Molecular and Cellular Biology ◽

10.1128/mcb.23.15.5401-5408.2003 ◽

2003 ◽

Vol 23 (15) ◽

pp. 5401-5408 ◽

Cited By ~ 37

Author(s):

Neuza Lopes ◽

David Gregg ◽

Sanjay Vasudevan ◽

Hamdy Hassanain ◽

Pascal Goldschmidt-Clermont ◽

...

Keyword(s):

Cell Proliferation ◽

Endothelial Cells ◽

Matricellular Protein ◽

Mrna Levels ◽

Experimental Conditions ◽

Aortic Endothelial Cells ◽

Blocking Antibodies ◽

Human Aortic Endothelial Cells ◽

Proliferative Ability

ABSTRACT Thrombospondin 2 (TSP2) is a matricellular protein controlling the apoptosis-proliferation balance in endothelial cells.
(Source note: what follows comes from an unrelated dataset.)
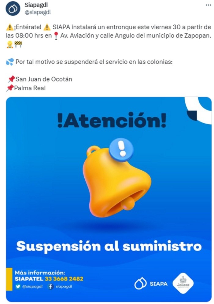 Nuevamente el Sistema Intermunicipal de los Servicios Agua Potable y Alcantarillado (Siapa) informó que habrá corte de agua en dos colonias del municipio de Zapopan, pues se instalará un entronque. El Siapa anunció en sus redes sociales que se instalará un entronque el próximo viernes 30 de junio a partir de las 08:00 horas en Av. Aviación y calle Angulo del municipio de Zapopan.Por este motivo habrá corte de agua en las colonias de San Juan de Ocotán y Palma Real. Se espera que el servicio de agua potable vuelva a su normalidad durante las primeras horas del sábado 1 de julio.En caso de cualquier duda o aclaración, el Siapa pone a disposición los siguientes medios para que resuelvas tus preguntas.MF

Little is known about its transcriptional regulation compared with that of TSP1. We found that overexpression of a constitutively active mutant of Rac (RacV12) specifically increases TSP2 mRNA levels without affecting TSP1 in human aortic endothelial cells (HAEC). Moreover, TSP2 induction by RacV12 is dependent upon reactive oxygen species (ROS) production, as gp91ds-tat peptide, an inhibitor of NADPH oxidase, and the flavoprotein inhibitor diphenylene iodinium (DPI) block TSP2 synthesis. Furthermore, we found that increasing RacV12 expression results in a biphasic proliferative curve, with proliferation initially increasing as RacV12 expression increases and then returning to levels less than that of control cells at higher expression. This growth inhibition is mediated by TSP2, as either DPI treatment, which blocks TSP2 synthesis, or pan-TSP blocking antibodies restore the proliferative ability of HAEC with high expression. Mechanistically, we show that the effect of TSP2 on cell proliferation is independent of the antiangiogenic TSP2 Hep1 sequence, which is capable of altering actin cytoskeletal reorganization but not proliferation in our experimental conditions. Finally, we show in vivo that Rac-induced TSP2 expression is observed in the aorta of transgenic mice selectively expressing RacV12 in smooth muscle cells. These results identify Rac-induced ROS as a new pathway involved in the regulation of TSP2 expression.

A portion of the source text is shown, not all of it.